(Dataset extract)
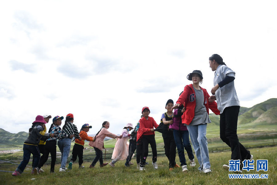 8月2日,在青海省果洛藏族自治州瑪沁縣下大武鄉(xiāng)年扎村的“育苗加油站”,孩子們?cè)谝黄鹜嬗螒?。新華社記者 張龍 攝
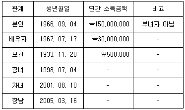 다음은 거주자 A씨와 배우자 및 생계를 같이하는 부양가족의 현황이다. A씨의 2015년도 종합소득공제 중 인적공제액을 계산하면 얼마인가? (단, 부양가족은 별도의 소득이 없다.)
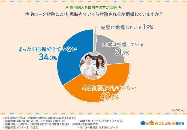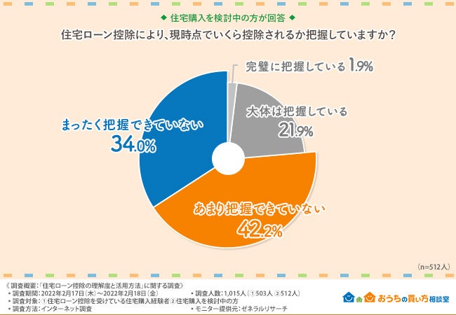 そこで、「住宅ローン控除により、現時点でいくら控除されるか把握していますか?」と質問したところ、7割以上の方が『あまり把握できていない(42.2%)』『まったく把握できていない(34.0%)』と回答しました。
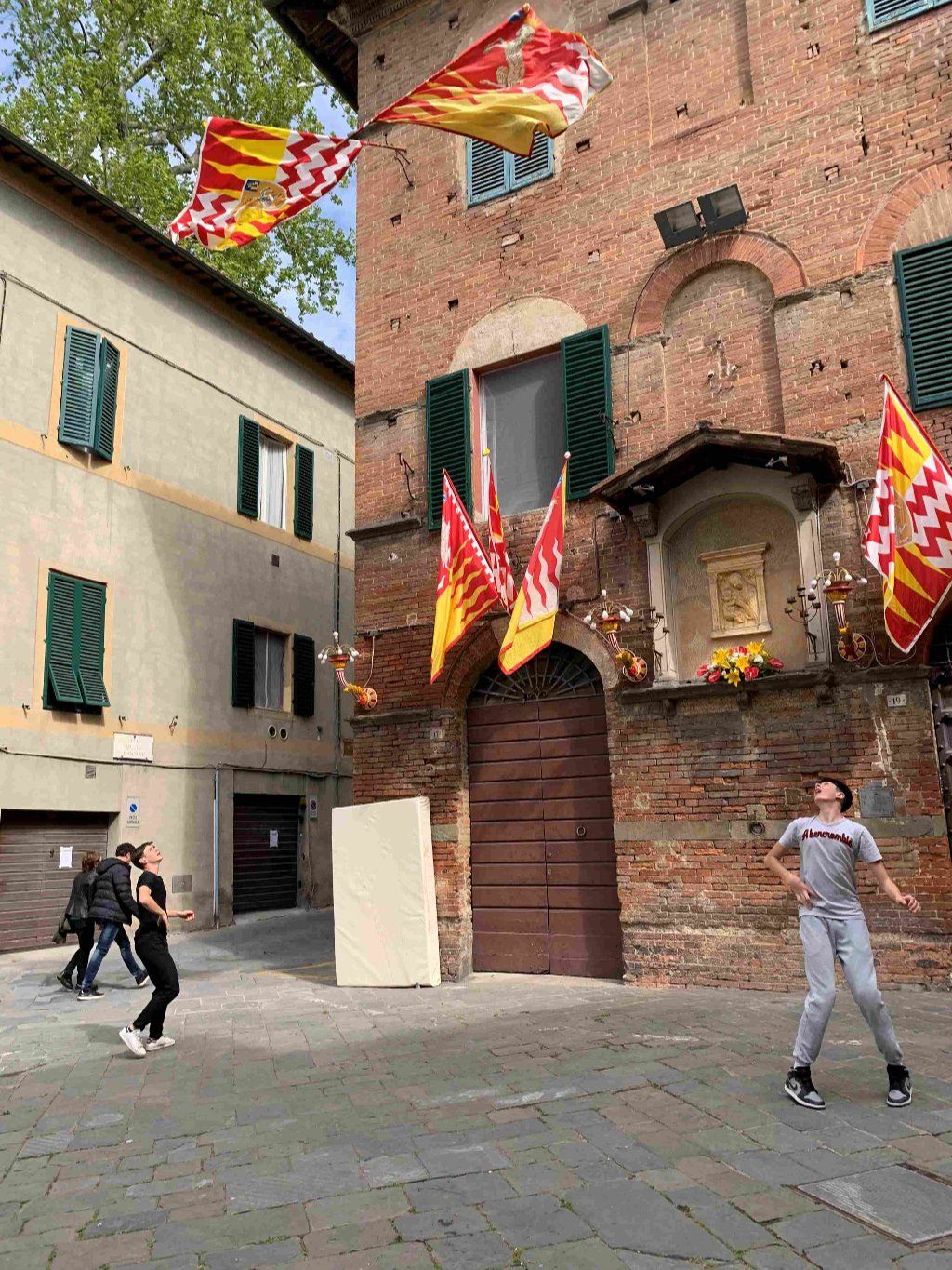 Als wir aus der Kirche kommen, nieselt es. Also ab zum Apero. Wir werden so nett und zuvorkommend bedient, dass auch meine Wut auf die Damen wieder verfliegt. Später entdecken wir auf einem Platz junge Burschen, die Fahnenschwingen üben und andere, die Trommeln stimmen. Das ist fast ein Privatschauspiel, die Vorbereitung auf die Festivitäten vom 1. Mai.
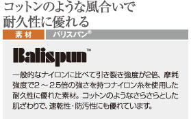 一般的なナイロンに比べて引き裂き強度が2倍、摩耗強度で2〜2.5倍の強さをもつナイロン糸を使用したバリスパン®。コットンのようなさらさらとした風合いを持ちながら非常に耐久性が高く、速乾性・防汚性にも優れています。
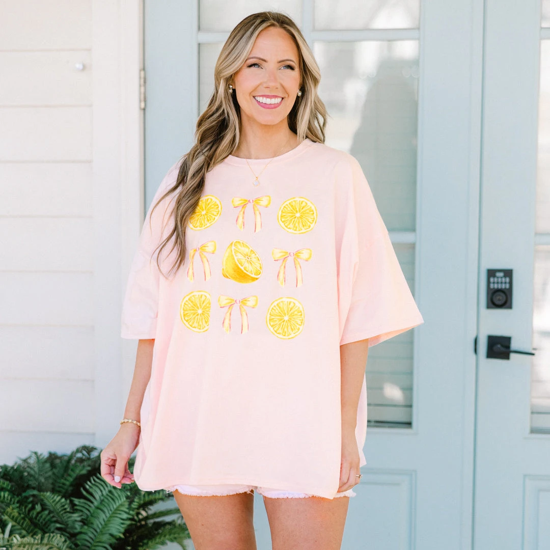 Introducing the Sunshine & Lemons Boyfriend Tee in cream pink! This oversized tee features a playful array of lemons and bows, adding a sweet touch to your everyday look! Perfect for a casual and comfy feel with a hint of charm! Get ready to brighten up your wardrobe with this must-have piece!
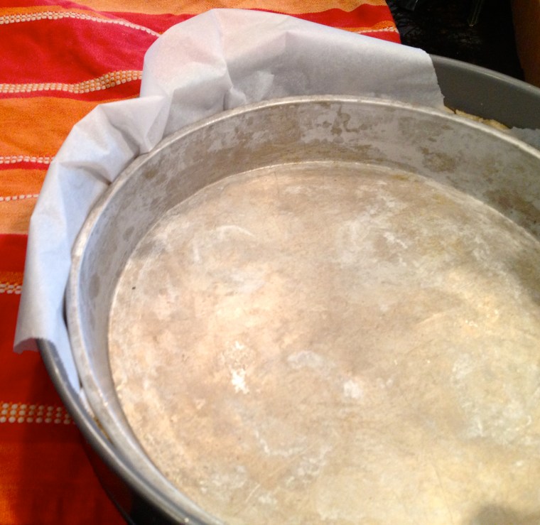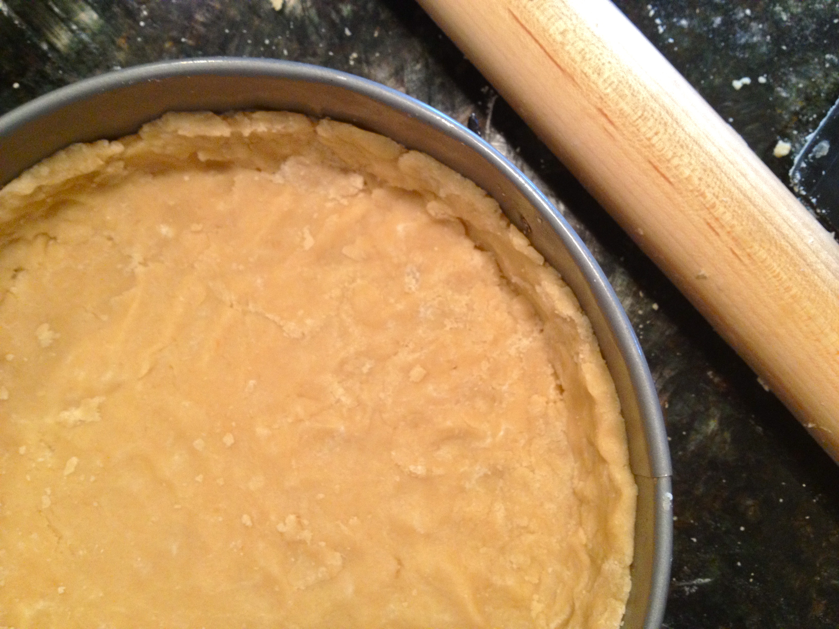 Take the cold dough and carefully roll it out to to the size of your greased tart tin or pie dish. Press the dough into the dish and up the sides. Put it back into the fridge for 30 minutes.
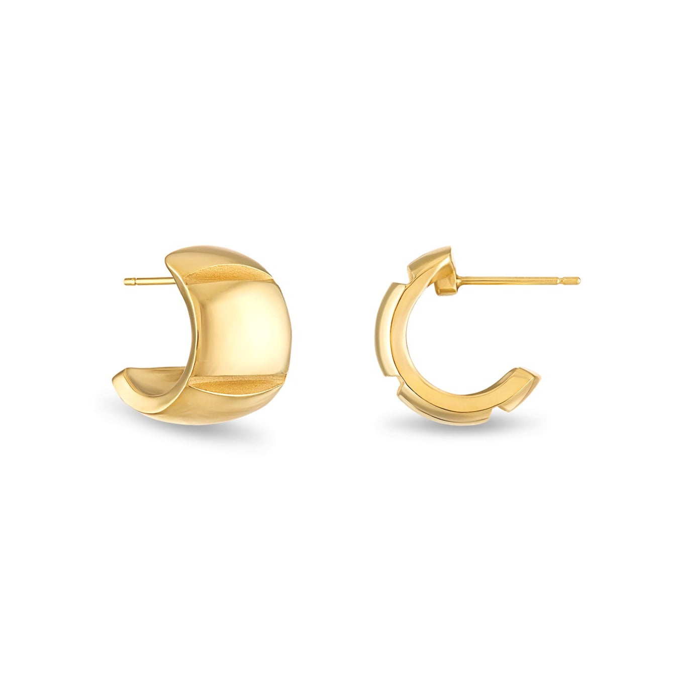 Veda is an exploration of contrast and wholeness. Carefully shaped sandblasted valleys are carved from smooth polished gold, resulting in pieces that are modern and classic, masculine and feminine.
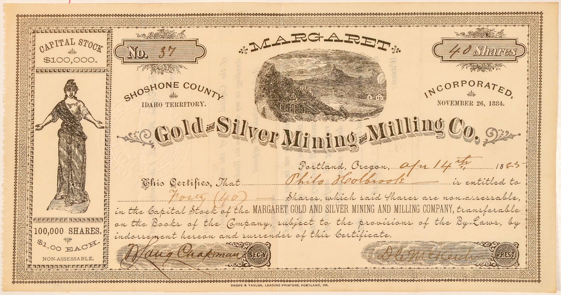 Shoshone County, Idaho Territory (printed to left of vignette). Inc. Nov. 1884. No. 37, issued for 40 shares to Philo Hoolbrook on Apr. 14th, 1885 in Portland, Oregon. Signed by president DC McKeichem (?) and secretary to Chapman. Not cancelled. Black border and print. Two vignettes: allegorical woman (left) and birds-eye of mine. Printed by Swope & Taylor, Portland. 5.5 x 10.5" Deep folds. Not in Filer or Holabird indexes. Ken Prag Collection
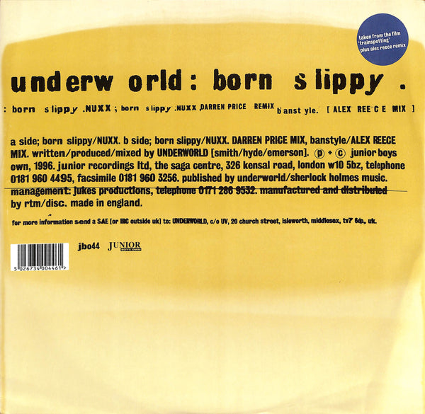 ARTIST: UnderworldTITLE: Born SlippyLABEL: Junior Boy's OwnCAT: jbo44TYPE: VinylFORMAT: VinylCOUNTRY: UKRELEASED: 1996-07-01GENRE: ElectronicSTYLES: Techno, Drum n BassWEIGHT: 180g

(Try it) Drop the pictures and copy the data exactly.

(Problem solution)
 8月2日,在青海省果洛藏族自治州瑪沁縣下大武鄉(xiāng)年扎村的“育苗加油站”,孩子們?cè)谝黄鹜嬗螒?。新華社記者 張龍 攝
 다음은 거주자 A씨와 배우자 및 생계를 같이하는 부양가족의 현황이다. A씨의 2015년도 종합소득공제 중 인적공제액을 계산하면 얼마인가? (단, 부양가족은 별도의 소득이 없다.)
 そこで、「住宅ローン控除により、現時点でいくら控除されるか把握していますか?」と質問したところ、7割以上の方が『あまり把握できていない(42.2%)』『まったく把握できていない(34.0%)』と回答しました。
 Als wir aus der Kirche kommen, nieselt es. Also ab zum Apero. Wir werden so nett und zuvorkommend bedient, dass auch meine Wut auf die Damen wieder verfliegt. Später entdecken wir auf einem Platz junge Burschen, die Fahnenschwingen üben und andere, die Trommeln stimmen. Das ist fast ein Privatschauspiel, die Vorbereitung auf die Festivitäten vom 1. Mai.
 一般的なナイロンに比べて引き裂き強度が2倍、摩耗強度で2〜2.5倍の強さをもつナイロン糸を使用したバリスパン®。コットンのようなさらさらとした風合いを持ちながら非常に耐久性が高く、速乾性・防汚性にも優れています。
 Introducing the Sunshine & Lemons Boyfriend Tee in cream pink! This oversized tee features a playful array of lemons and bows, adding a sweet touch to your everyday look! Perfect for a casual and comfy feel with a hint of charm! Get ready to brighten up your wardrobe with this must-have piece!
 Take the cold dough and carefully roll it out to to the size of your greased tart tin or pie dish. Press the dough into the dish and up the sides. Put it back into the fridge for 30 minutes.
 Veda is an exploration of contrast and wholeness. Carefully shaped sandblasted valleys are carved from smooth polished gold, resulting in pieces that are modern and classic, masculine and feminine.
 Shoshone County, Idaho Territory (printed to left of vignette). Inc. Nov. 1884. No. 37, issued for 40 shares to Philo Hoolbrook on Apr. 14th, 1885 in Portland, Oregon. Signed by president DC McKeichem (?) and secretary to Chapman. Not cancelled. Black border and print. Two vignettes: allegorical woman (left) and birds-eye of mine. Printed by Swope & Taylor, Portland. 5.5 x 10.5" Deep folds. Not in Filer or Holabird indexes. Ken Prag Collection
 ARTIST: UnderworldTITLE: Born SlippyLABEL: Junior Boy's OwnCAT: jbo44TYPE: VinylFORMAT: VinylCOUNTRY: UKRELEASED: 1996-07-01GENRE: ElectronicSTYLES: Techno, Drum n BassWEIGHT: 180g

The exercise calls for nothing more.